Requirement – Here the job is to transcribe only the lines from the one containing "The awarding ceremony" through the last line below, exactly as written; please leave out pictures.

Given material –
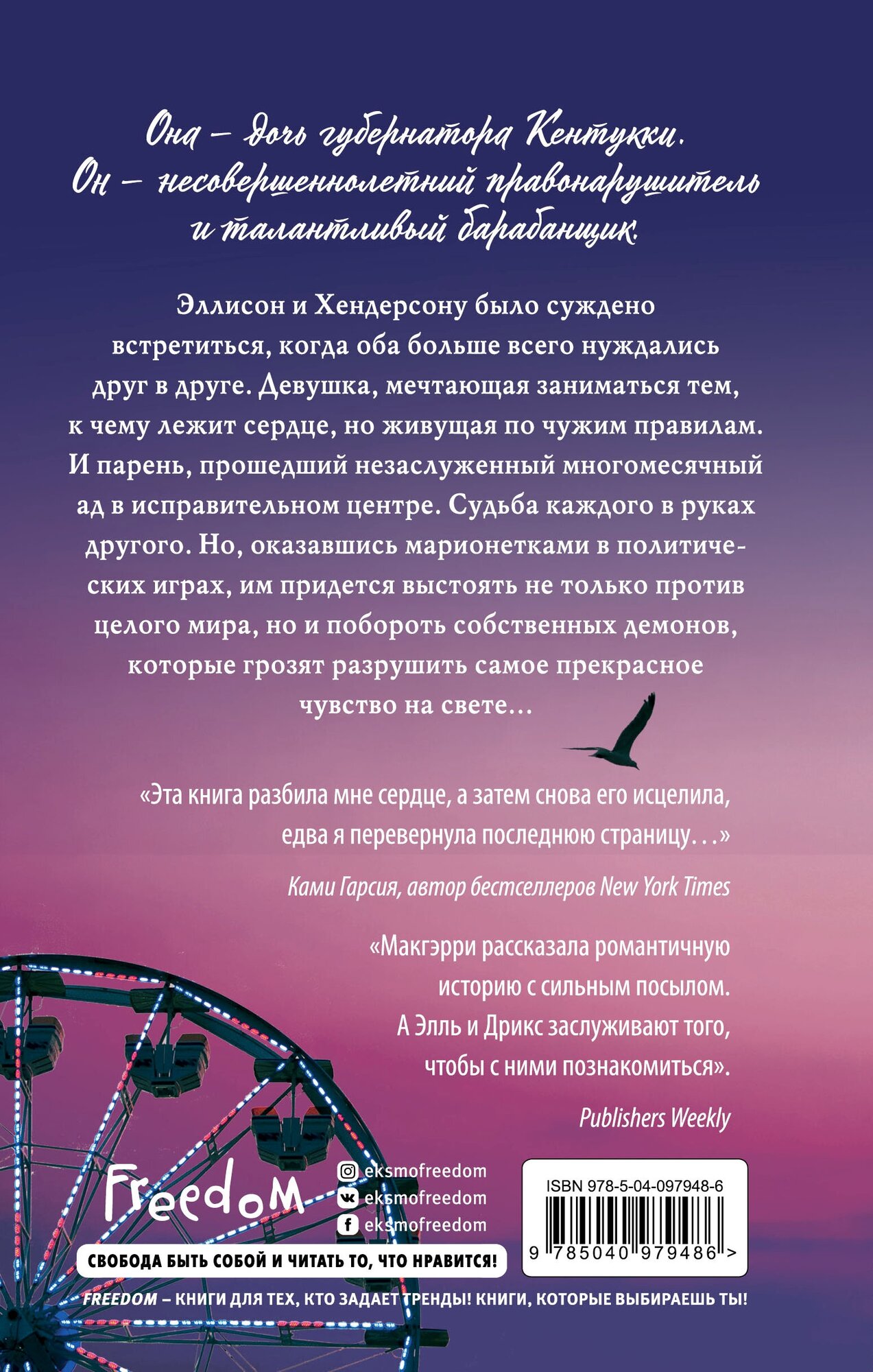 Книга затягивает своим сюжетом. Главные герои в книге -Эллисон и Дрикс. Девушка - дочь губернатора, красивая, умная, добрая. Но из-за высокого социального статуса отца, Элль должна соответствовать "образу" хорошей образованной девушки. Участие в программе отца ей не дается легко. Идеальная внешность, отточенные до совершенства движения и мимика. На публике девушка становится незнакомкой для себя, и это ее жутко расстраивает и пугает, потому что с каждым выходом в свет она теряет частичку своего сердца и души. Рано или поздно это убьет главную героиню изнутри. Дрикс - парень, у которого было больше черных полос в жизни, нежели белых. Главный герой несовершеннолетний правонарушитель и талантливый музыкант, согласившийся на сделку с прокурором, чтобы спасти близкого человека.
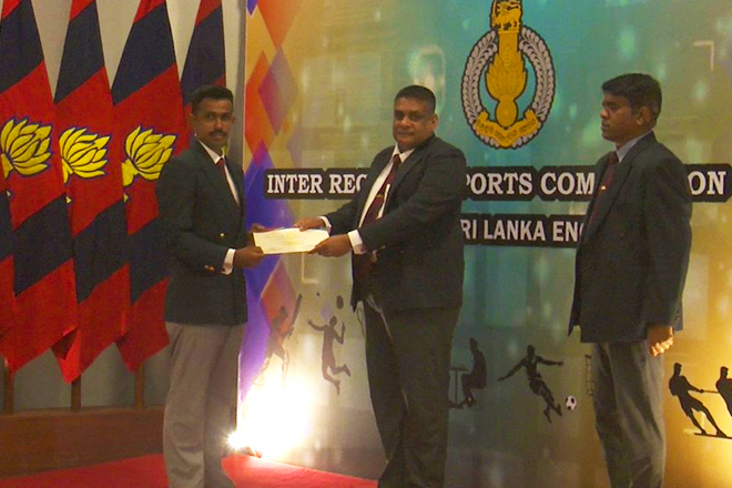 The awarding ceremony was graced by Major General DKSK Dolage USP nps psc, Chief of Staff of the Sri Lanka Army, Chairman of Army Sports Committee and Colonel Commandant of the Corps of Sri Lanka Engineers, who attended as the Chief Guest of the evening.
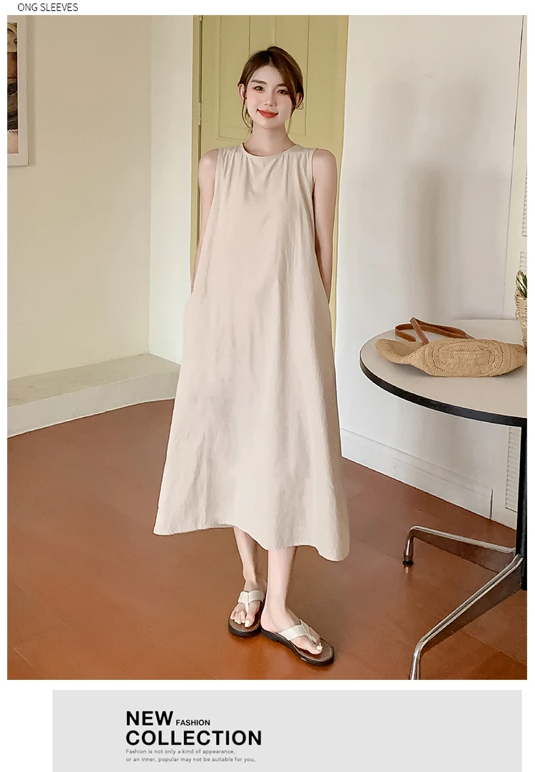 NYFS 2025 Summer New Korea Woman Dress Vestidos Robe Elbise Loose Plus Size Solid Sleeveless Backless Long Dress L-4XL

Output –
 The awarding ceremony was graced by Major General DKSK Dolage USP nps psc, Chief of Staff of the Sri Lanka Army, Chairman of Army Sports Committee and Colonel Commandant of the Corps of Sri Lanka Engineers, who attended as the Chief Guest of the evening.
 NYFS 2025 Summer New Korea Woman Dress Vestidos Robe Elbise Loose Plus Size Solid Sleeveless Backless Long Dress L-4XL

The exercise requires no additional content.